### Data shown

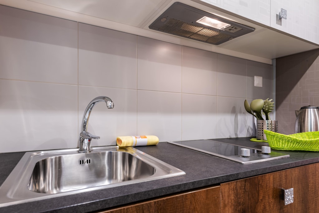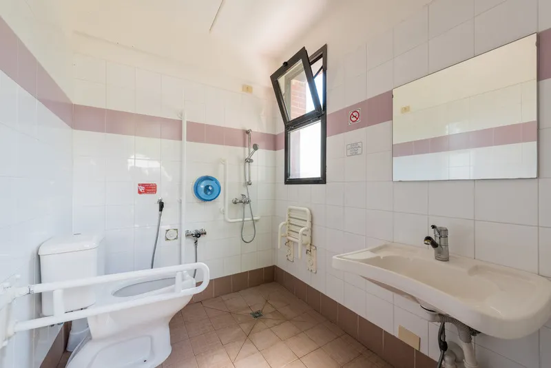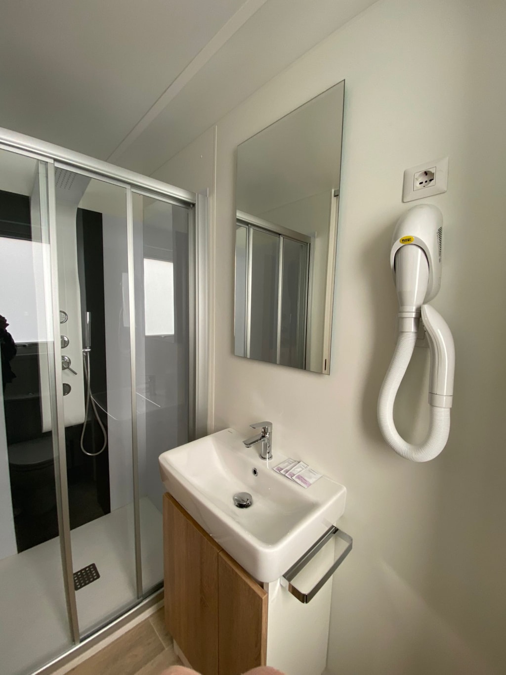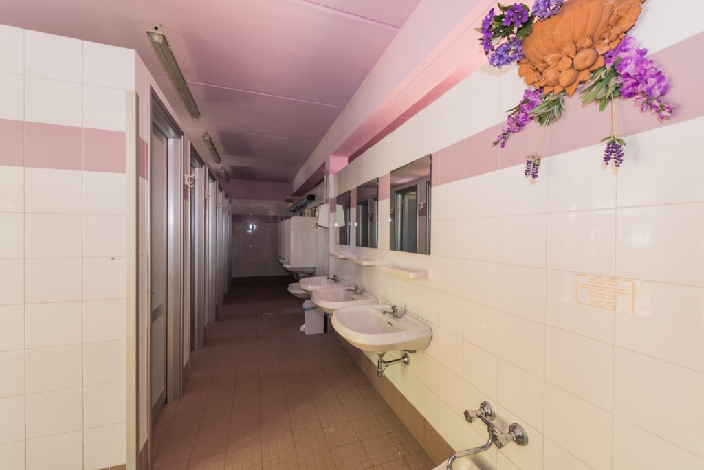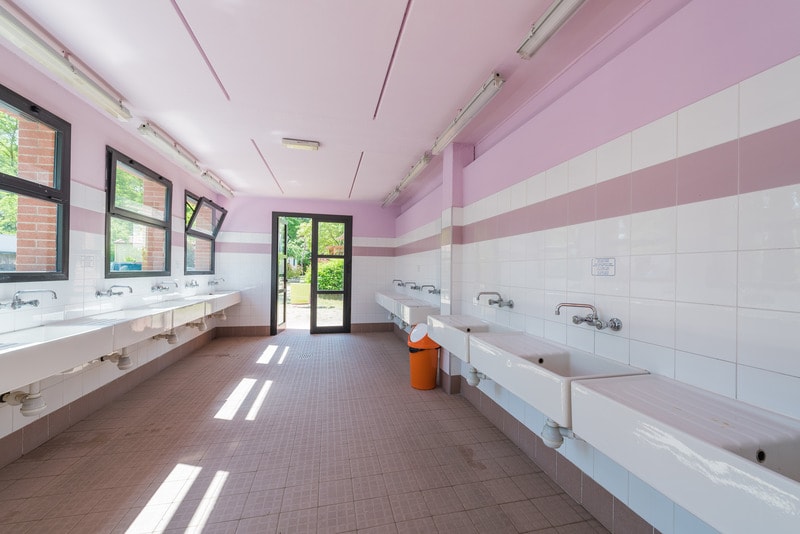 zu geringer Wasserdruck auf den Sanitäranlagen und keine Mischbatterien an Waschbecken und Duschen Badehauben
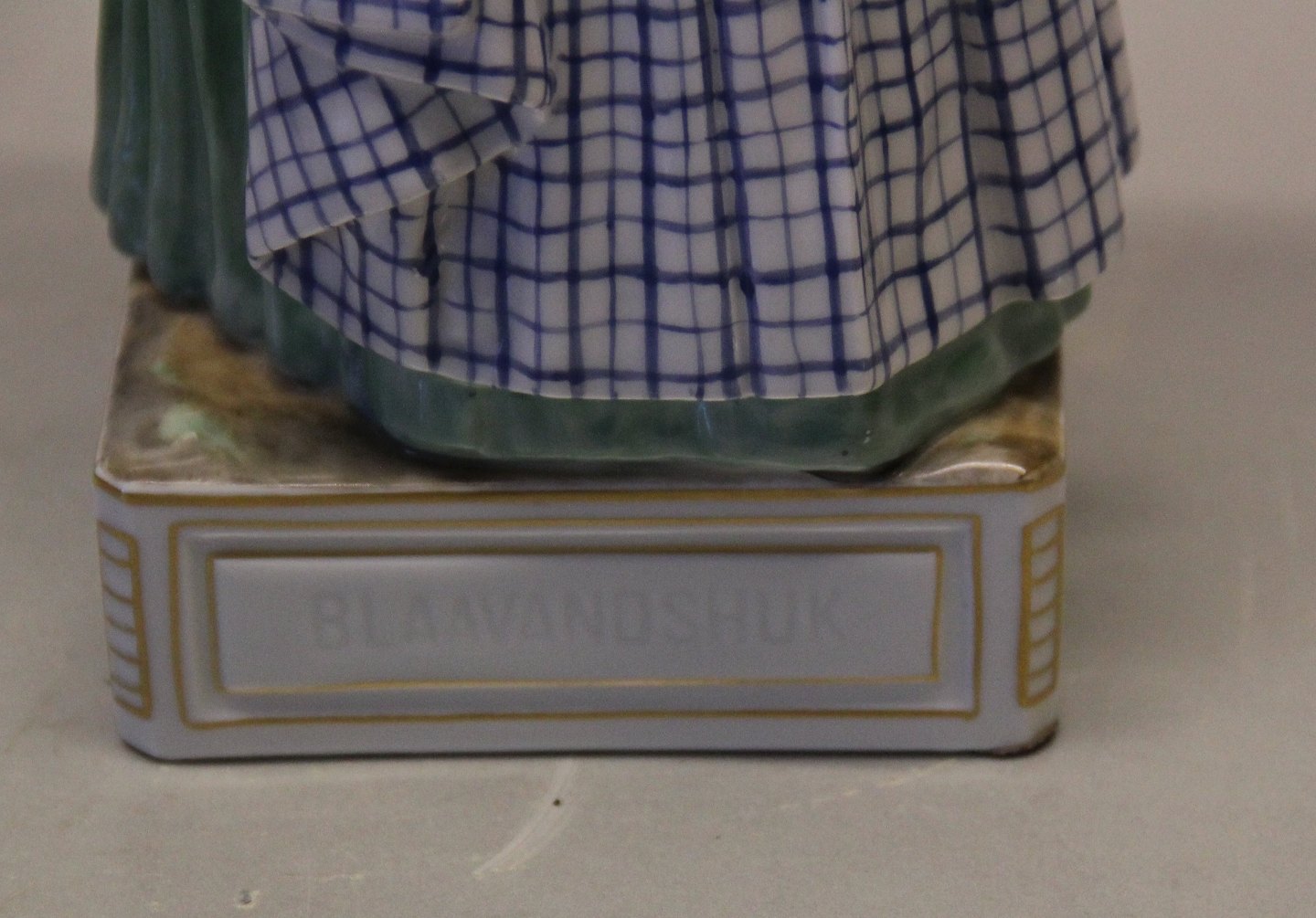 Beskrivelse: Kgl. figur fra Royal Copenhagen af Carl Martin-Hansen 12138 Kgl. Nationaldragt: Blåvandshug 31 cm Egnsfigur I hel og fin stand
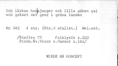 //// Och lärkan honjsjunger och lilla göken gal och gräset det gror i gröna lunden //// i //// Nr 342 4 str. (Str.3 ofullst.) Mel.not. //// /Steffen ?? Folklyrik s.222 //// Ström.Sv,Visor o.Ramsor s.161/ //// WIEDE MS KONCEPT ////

######
### Data shown

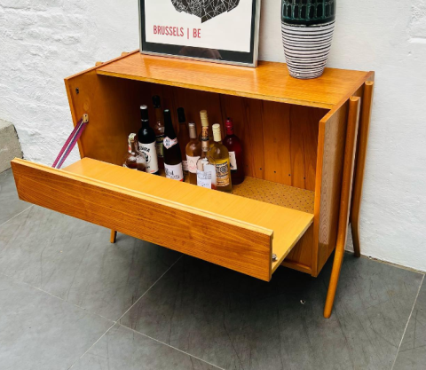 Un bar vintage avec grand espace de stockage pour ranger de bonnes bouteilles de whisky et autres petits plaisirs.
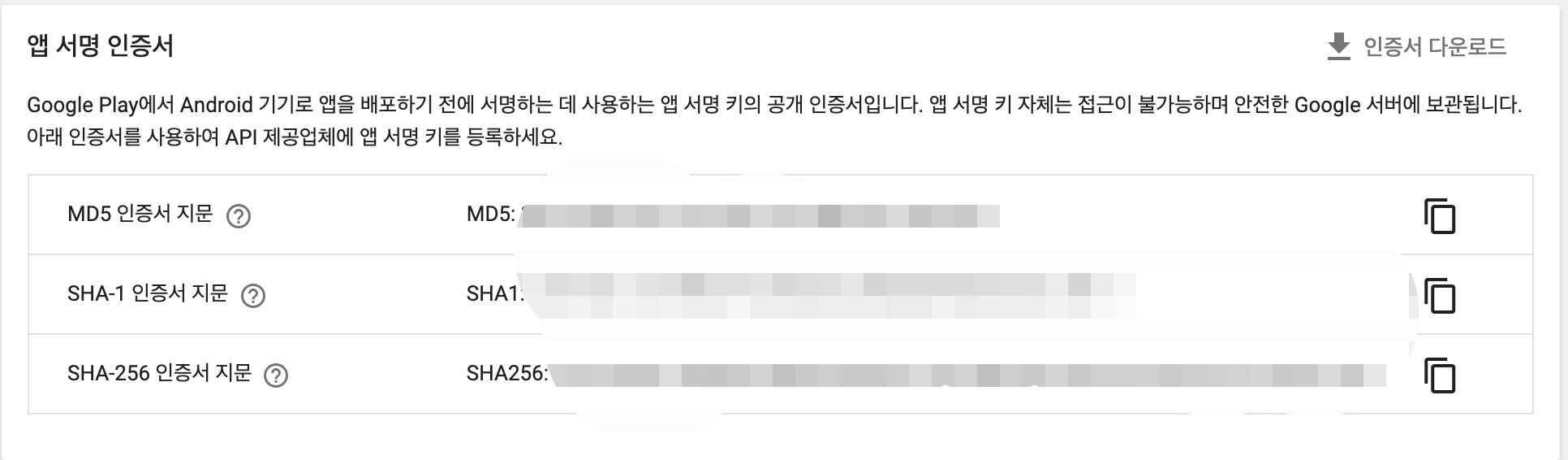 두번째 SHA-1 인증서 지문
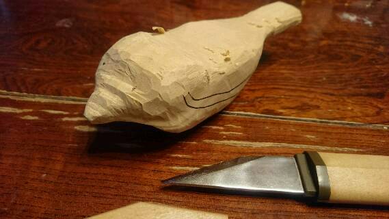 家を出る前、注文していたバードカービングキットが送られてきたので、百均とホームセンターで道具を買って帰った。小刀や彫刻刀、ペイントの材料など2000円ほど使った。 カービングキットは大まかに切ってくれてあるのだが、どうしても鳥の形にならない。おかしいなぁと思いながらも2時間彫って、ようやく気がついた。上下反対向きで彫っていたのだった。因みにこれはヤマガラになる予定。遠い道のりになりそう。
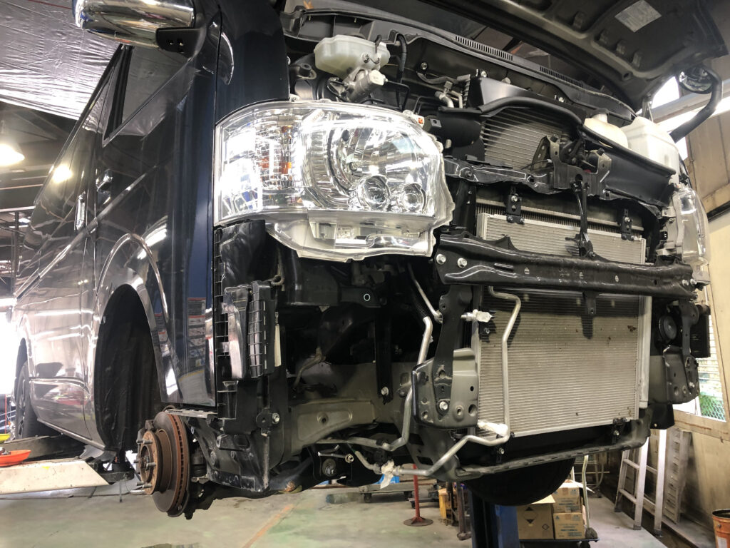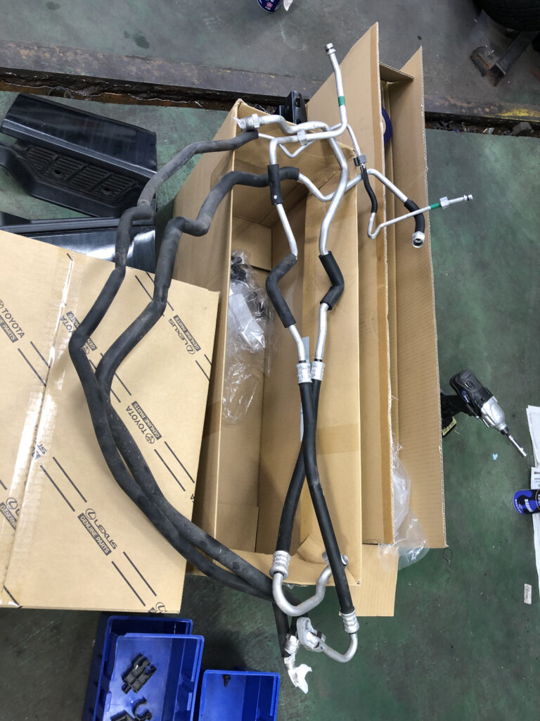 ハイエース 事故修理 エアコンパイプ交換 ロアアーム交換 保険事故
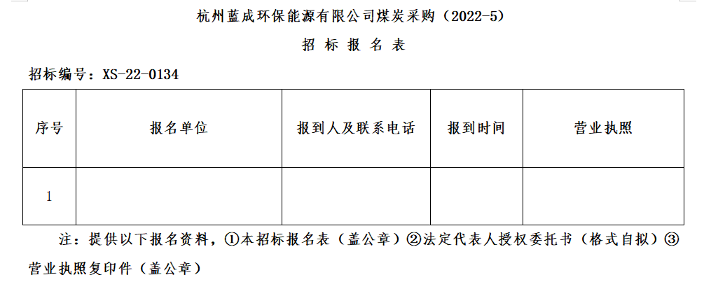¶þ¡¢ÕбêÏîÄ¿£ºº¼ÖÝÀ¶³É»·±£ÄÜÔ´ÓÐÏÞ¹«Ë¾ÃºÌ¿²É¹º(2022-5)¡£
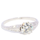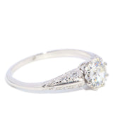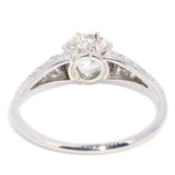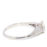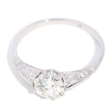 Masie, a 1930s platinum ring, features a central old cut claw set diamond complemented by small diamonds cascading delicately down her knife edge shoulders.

######
### Data shown

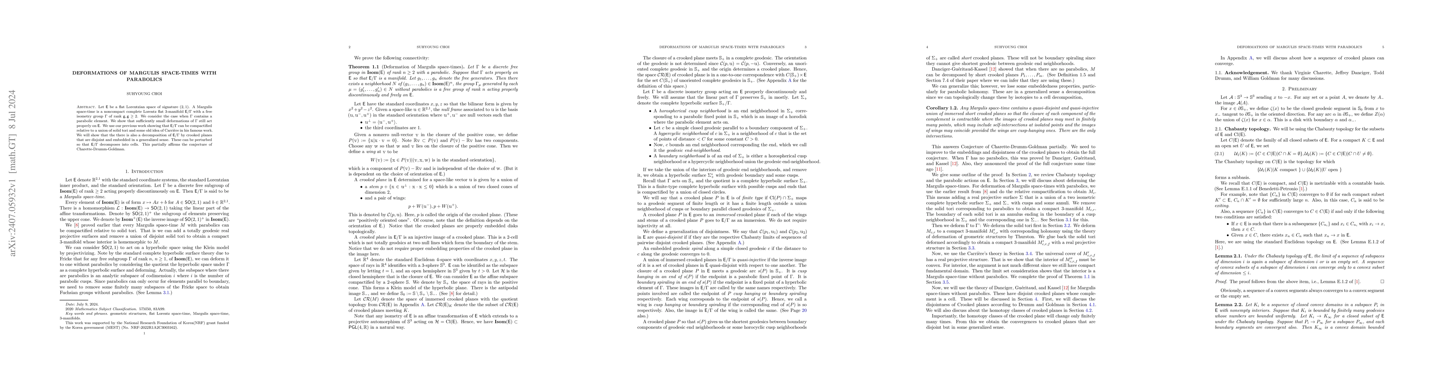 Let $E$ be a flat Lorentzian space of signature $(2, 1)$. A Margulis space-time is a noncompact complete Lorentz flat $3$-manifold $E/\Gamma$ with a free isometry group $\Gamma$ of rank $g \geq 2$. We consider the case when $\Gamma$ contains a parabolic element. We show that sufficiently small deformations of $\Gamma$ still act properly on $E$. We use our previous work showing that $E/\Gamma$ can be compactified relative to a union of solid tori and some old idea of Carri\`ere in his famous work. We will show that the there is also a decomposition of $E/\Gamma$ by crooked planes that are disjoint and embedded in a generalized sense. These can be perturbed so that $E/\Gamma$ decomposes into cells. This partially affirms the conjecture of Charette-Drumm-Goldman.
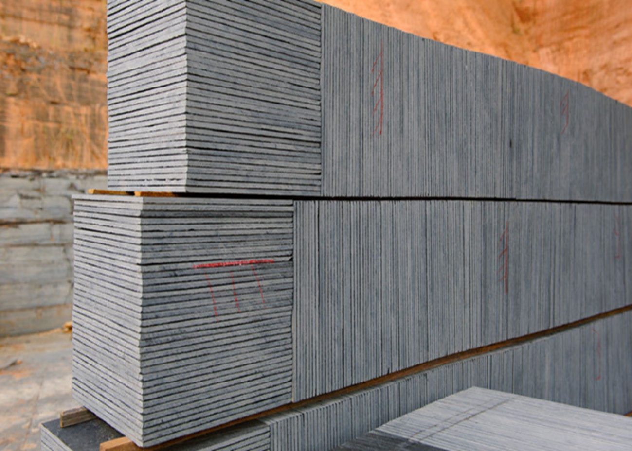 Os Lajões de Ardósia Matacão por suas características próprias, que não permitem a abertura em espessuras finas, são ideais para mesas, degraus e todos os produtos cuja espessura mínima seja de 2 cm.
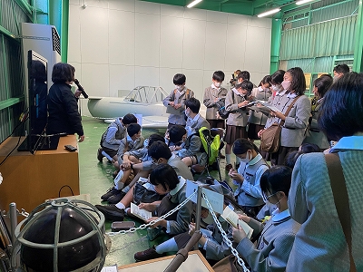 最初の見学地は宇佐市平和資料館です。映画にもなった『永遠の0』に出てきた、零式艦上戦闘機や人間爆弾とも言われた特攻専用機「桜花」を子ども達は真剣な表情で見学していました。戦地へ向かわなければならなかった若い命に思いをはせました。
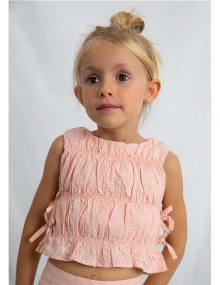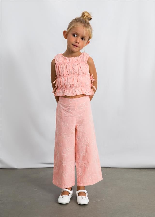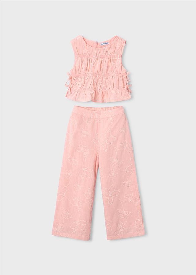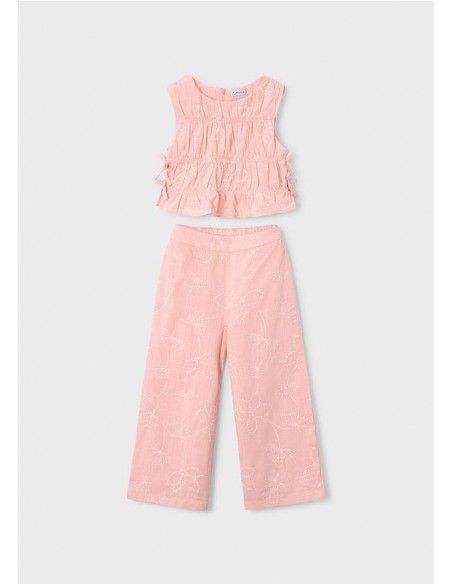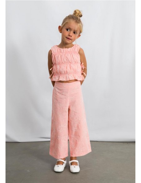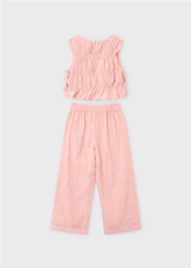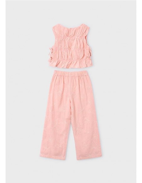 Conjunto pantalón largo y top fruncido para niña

######

> _Action item_: Give back exactly, and solely, the section of the data above bounded by the line containing "zu geringer Wasserdruck" and the line containing "MS KONCEPT ////", both bounding lines included and pictures omitted.

> _Output for this exercise_:
 zu geringer Wasserdruck auf den Sanitäranlagen und keine Mischbatterien an Waschbecken und Duschen Badehauben
 Beskrivelse: Kgl. figur fra Royal Copenhagen af Carl Martin-Hansen 12138 Kgl. Nationaldragt: Blåvandshug 31 cm Egnsfigur I hel og fin stand
 //// Och lärkan honjsjunger och lilla göken gal och gräset det gror i gröna lunden //// i //// Nr 342 4 str. (Str.3 ofullst.) Mel.not. //// /Steffen ?? Folklyrik s.222 //// Ström.Sv,Visor o.Ramsor s.161/ //// WIEDE MS KONCEPT ////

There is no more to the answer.